◆ Directions for this task:
Copy, exactly and without additions, every line in the records below from the one holding "Type: Moissanite 1.2" through the one holding "猪鼻英一朗さんの総運は47画の5点!", both ends included.

◆ Exercise inputs:
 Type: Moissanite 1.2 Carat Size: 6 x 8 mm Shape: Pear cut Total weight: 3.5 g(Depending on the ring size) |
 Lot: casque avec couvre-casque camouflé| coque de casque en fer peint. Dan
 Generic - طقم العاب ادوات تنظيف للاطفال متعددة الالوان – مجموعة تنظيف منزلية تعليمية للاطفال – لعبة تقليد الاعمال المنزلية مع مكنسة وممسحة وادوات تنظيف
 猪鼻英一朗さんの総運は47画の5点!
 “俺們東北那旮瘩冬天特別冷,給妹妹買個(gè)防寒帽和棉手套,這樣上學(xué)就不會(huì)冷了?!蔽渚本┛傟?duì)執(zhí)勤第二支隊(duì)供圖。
==
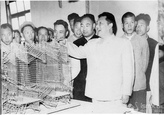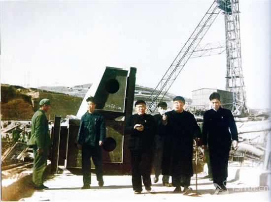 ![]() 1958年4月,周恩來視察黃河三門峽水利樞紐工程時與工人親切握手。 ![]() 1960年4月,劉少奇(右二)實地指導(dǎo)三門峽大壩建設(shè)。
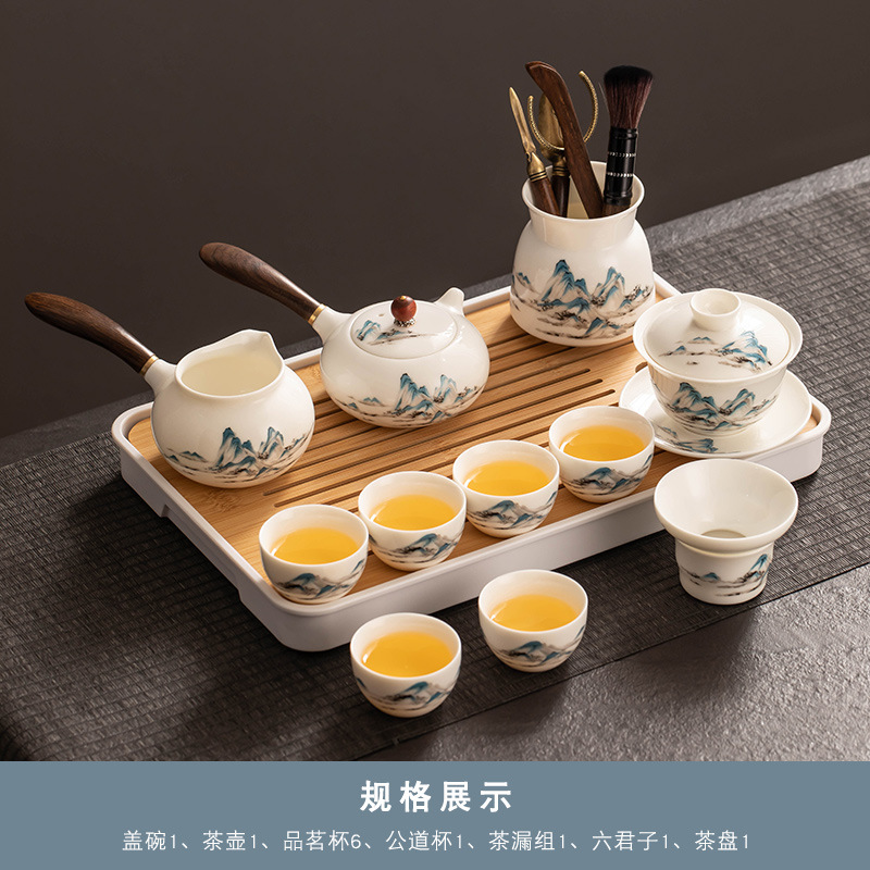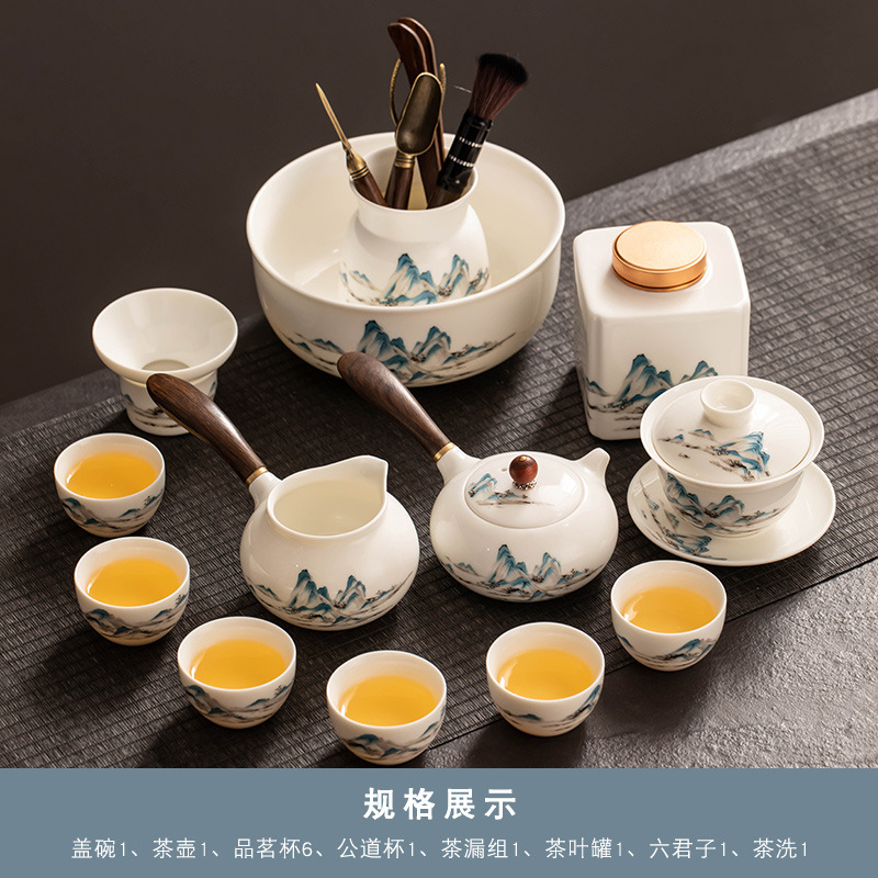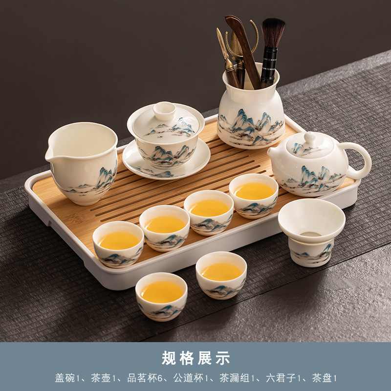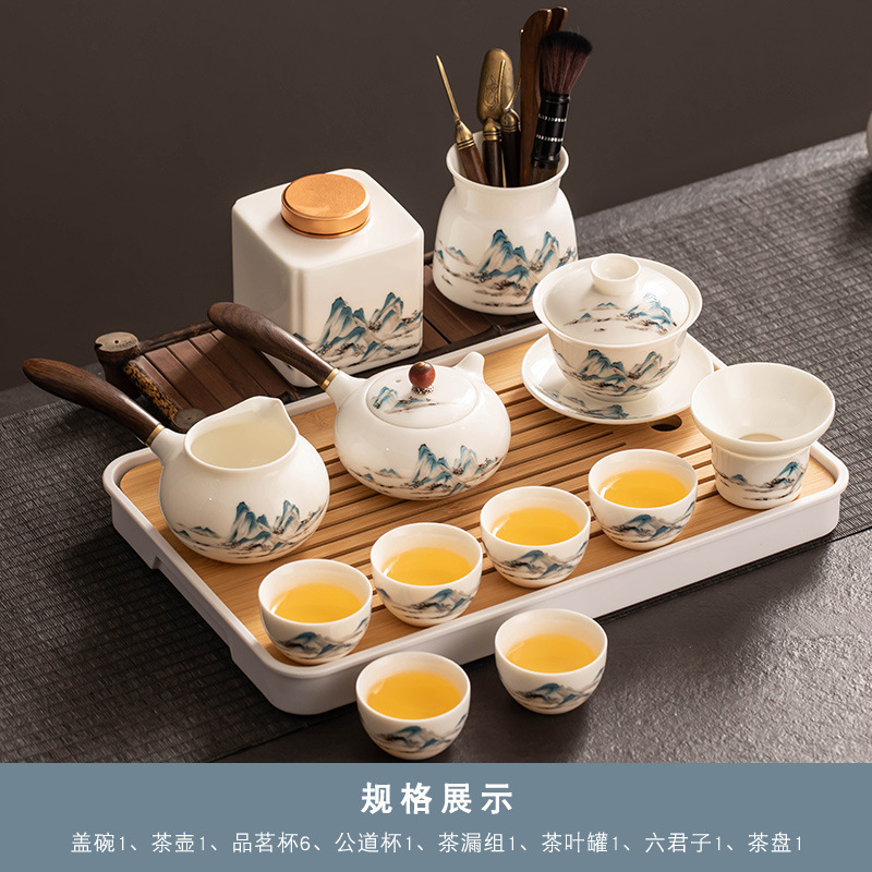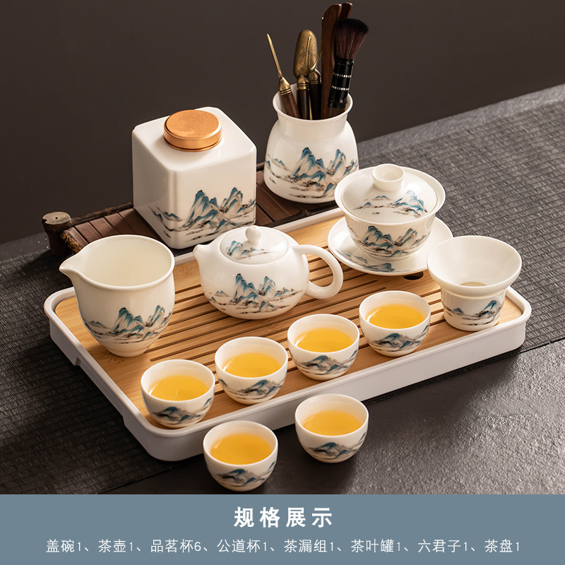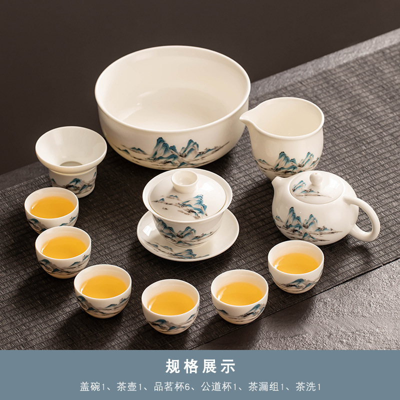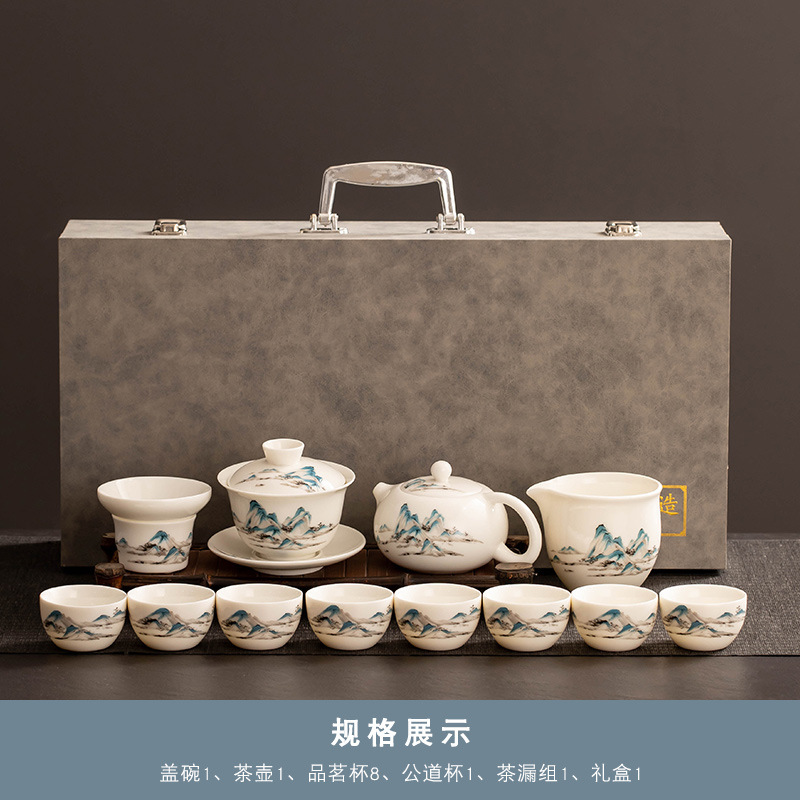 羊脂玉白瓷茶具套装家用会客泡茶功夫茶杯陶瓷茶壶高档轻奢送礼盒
...
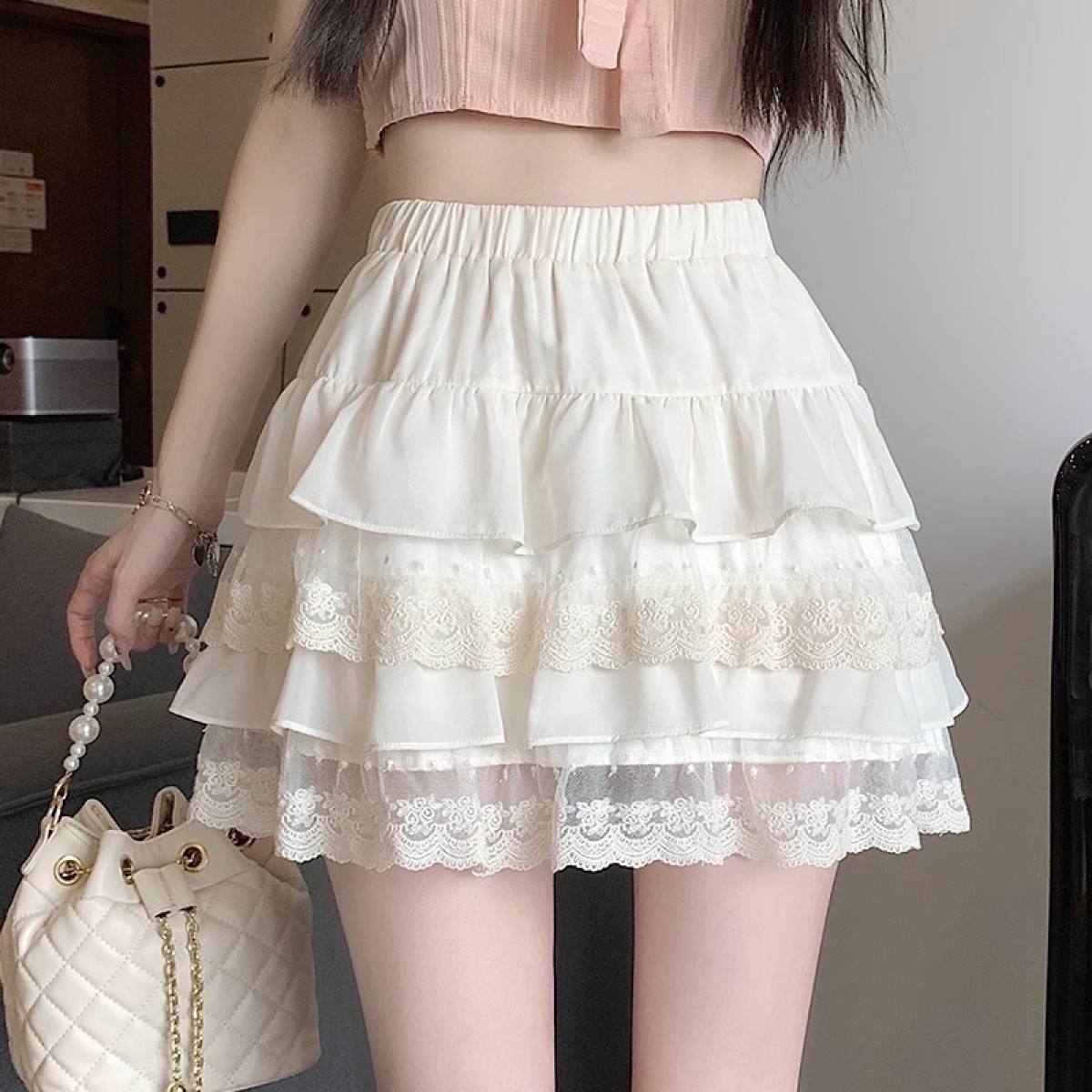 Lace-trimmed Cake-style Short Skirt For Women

◆ Response box:
 Type: Moissanite 1.2 Carat Size: 6 x 8 mm Shape: Pear cut Total weight: 3.5 g(Depending on the ring size) |
 Lot: casque avec couvre-casque camouflé| coque de casque en fer peint. Dan
 Generic - طقم العاب ادوات تنظيف للاطفال متعددة الالوان – مجموعة تنظيف منزلية تعليمية للاطفال – لعبة تقليد الاعمال المنزلية مع مكنسة وممسحة وادوات تنظيف
 猪鼻英一朗さんの総運は47画の5点!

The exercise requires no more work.